▸ REQUIRED ACTION
Reproduce, exactly and in full, only the lines below from the one containing "اللواء يحيى الرزامي" through the one containing "은상_IBDA Bronze 다례(茶禮)_김유".

▸ SUPPLIED DATA
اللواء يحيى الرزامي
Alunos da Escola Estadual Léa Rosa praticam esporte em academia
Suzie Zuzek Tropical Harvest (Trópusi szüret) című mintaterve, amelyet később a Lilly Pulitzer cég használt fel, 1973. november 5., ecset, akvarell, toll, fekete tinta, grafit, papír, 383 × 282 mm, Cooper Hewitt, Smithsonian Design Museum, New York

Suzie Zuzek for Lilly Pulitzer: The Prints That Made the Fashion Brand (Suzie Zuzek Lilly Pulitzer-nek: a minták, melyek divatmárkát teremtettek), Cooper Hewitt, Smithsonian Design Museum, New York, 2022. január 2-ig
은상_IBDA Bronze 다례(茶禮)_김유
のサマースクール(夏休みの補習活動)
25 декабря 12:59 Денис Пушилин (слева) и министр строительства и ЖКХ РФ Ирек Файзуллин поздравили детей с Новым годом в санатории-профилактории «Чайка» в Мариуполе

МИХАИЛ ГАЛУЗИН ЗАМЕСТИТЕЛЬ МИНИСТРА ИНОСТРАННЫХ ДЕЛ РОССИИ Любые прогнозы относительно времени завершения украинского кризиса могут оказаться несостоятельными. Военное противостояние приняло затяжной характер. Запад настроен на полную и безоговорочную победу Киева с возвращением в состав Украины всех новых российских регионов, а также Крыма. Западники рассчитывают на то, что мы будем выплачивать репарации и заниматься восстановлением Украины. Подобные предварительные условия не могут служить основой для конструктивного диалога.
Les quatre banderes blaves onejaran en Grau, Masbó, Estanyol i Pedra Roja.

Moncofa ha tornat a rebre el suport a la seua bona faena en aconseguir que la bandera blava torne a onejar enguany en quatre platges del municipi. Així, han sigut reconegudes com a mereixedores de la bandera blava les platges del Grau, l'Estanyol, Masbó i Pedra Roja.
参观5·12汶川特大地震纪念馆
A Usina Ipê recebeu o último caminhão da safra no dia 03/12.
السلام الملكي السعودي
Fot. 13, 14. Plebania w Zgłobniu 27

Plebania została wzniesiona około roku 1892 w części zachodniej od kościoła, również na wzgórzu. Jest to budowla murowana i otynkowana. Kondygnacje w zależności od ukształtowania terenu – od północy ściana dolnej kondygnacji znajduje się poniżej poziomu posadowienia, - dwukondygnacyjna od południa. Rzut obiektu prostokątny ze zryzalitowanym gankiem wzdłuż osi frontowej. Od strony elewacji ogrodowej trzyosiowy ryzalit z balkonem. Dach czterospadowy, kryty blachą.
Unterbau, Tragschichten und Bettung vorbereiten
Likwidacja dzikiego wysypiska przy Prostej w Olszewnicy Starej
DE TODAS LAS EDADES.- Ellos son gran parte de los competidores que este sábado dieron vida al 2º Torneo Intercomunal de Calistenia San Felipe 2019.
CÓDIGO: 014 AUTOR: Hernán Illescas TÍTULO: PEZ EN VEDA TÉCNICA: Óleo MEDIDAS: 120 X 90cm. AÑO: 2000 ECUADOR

--

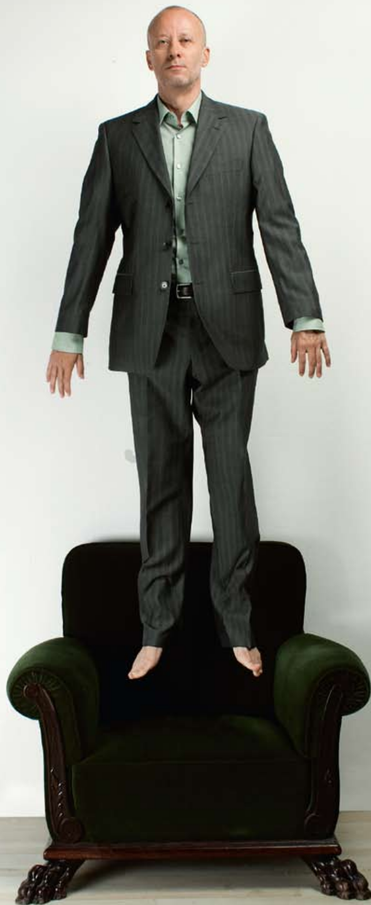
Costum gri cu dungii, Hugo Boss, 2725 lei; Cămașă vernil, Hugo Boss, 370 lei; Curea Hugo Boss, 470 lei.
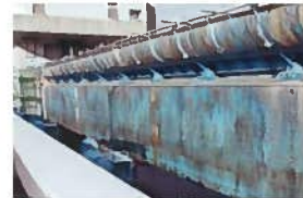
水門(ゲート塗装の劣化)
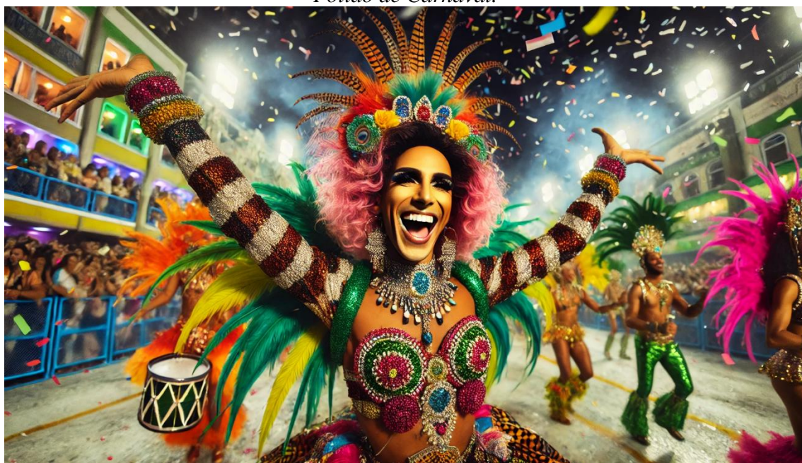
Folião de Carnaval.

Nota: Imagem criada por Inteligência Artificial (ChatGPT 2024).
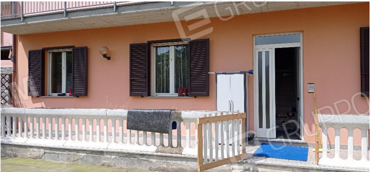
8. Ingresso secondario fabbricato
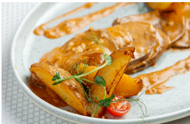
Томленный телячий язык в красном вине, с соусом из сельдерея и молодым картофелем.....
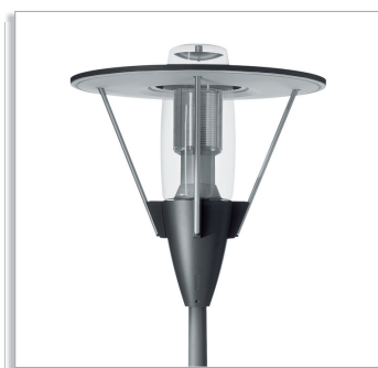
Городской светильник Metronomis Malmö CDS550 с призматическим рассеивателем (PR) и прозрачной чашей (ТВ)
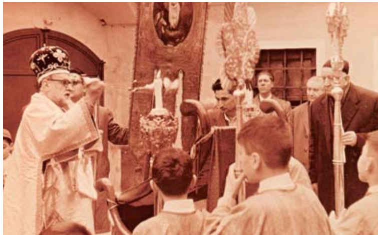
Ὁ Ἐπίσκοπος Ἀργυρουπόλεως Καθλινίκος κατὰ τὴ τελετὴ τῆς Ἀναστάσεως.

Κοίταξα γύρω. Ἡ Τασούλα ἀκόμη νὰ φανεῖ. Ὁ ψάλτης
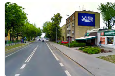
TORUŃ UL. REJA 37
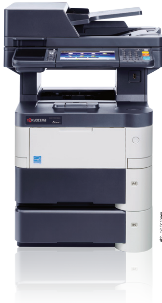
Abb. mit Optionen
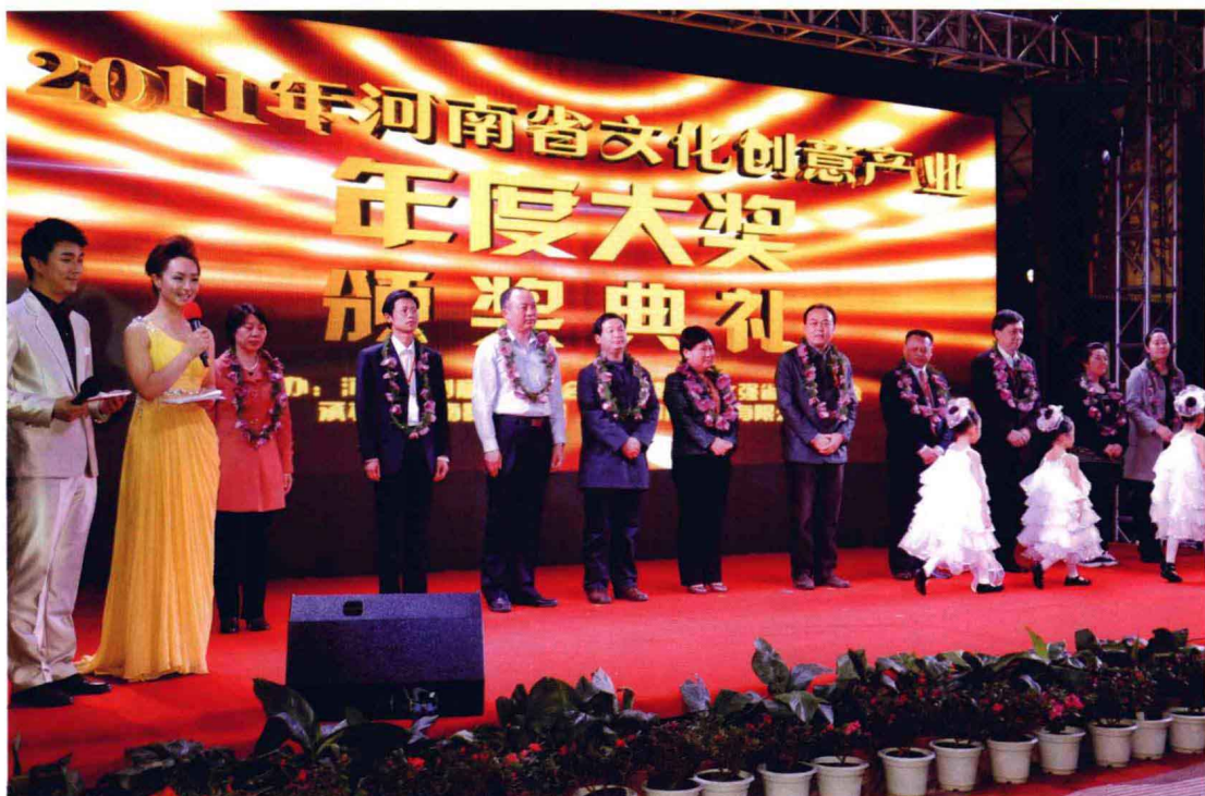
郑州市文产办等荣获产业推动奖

▸ COMPLETED TASK
اللواء يحيى الرزامي
Alunos da Escola Estadual Léa Rosa praticam esporte em academia
Suzie Zuzek Tropical Harvest (Trópusi szüret) című mintaterve, amelyet később a Lilly Pulitzer cég használt fel, 1973. november 5., ecset, akvarell, toll, fekete tinta, grafit, papír, 383 × 282 mm, Cooper Hewitt, Smithsonian Design Museum, New York

Suzie Zuzek for Lilly Pulitzer: The Prints That Made the Fashion Brand (Suzie Zuzek Lilly Pulitzer-nek: a minták, melyek divatmárkát teremtettek), Cooper Hewitt, Smithsonian Design Museum, New York, 2022. január 2-ig
은상_IBDA Bronze 다례(茶禮)_김유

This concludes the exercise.